In-universe information
- Nickname: Lungri
- Species: Bengal tiger
- Gender: Male

= Shere Khan =

Character from The Jungle Book

Shere Khan (/ˈʃɪər ˈkɑːn/) is a fictional Bengal tiger featured in the Mowgli stories of Rudyard Kipling's Jungle Book. He is often portrayed as the main antagonist in the book's media adaptations, itself an exaggeration of his role in the original stories, in which he only appears a third of the time. Shere Khan is named after Afghan Emperor Sher Shah Suri. Khan is a title of distinction among the Turco-Mongol peoples, usually meaning chief or ruler. According to The Kipling Society, the name shows that Shere Khan "is the chief among tigers".

The character was born with a birth defect, a crippled leg, so his mother gave him the derisive nickname "Lungri" ("The Lame One"). Despite this condition, Shere Khan is prideful and regards himself as the "rightful" lord of the jungle.

==The original Jungle Book stories==
Shere Khan is depicted by Kipling as having been born with a crippled leg, so his mother gave him the derisive nickname "Lungri" ("The Lame One"). Despite this condition, Shere Khan is prideful and regards himself as the "rightful" lord of the jungle. The only creature who looks up to him is Tabaqui, a spineless and hated golden jackal.

In "Mowgli's Brothers", Shere Khan's failed attempt to hunt humans causes a human "cub" to stray from its parents. When Shere Khan discovers the infant, it has been adopted by Indian wolves, Raksha and Father Wolf, who have named the child Mowgli. Mowgli is accepted into Akela's wolf pack and is protected by Bagheera (a panther) and Baloo (a bear). Furious at losing his kill, the tiger swears that the boy will be his some day. While Mowgli is growing up, Shere Khan infiltrates the wolf pack by promising the younger wolves rich rewards once Akela is deposed. When the young wolves manoeuvre Akela into missing his kill, the pack council meets to kill and replace him. Shere Khan threatens to take over their hunting territory if the wolves do not give him Mowgli. Having been warned by Bagheera, Mowgli attacks Shere Khan and his allies with a burning branch (the mysterious and powerful "red flower" of man) and drives them away. Akela leaves the pack to become a lone hunter. Mowgli goes to the human village but swears that he will return one day with Shere Khan's skin and lay it upon Council Rock.

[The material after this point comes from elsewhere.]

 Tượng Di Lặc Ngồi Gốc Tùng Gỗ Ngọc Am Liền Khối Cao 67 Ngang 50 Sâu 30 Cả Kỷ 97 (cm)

Shere Khan also appears in the story "How Fear Came", which is set between the first and second halves of the "Mowgli's Brothers", and probably sometime after "Kaa's Hunting". In this story, the tiger comes to drink from the river just after having killed a human purely for sport, leading Hathi the elephant to tell the story of why tigers, out of all the animals in the jungle, are allowed to hunt humans for pleasure at certain times. This story, in which Mowgli appears mainly as an observer, may be seen as a direct ancestor of Kipling's Just So Stories.

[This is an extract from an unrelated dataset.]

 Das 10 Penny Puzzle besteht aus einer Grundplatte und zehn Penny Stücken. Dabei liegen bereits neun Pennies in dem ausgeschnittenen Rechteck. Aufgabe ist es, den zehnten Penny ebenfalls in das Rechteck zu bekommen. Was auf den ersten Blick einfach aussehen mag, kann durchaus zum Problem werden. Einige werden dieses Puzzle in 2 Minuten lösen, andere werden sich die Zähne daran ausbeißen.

In "Tiger! Tiger!", Mowgli is adopted by Messua and her husband and learns human ways. In this short story, Mowgli learns that the villagers have heard of the tiger Shere Khan, who also has a bounty on his head, but believe that the tiger is lame because he is the reincarnation of a money-lender injured in a riot. When Mowgli scoffs at these fanciful tales, the villagers decide to put him to work herding buffalo. He then meets his wolf friend Grey Brother, who tells him that Shere Khan is still planning to kill him. Grey Brother forces Tabaqui to tell him where and when Shere Khan is planning to strike, then kills the jackal. With the help of Akela, Grey Brother and Mowgli trap Shere Khan in a narrow canyon and incite the buffalo to stampede him to death. Mowgli then skins Shere Khan's hide, briefly interrupted by the arrival of the village hunter Buldeo, who tries to take the tiger's skin for himself only to be driven off by Akela. At the end of the story, Mowgli makes good on his promise and lays the skin of Shere Khan upon the Council Rock and dances upon it in victory before the wolves.

==In adaptations and other media==
===Disney versions===

====The Jungle Book====

Shere Khan as he appears in the 1967 Disney film.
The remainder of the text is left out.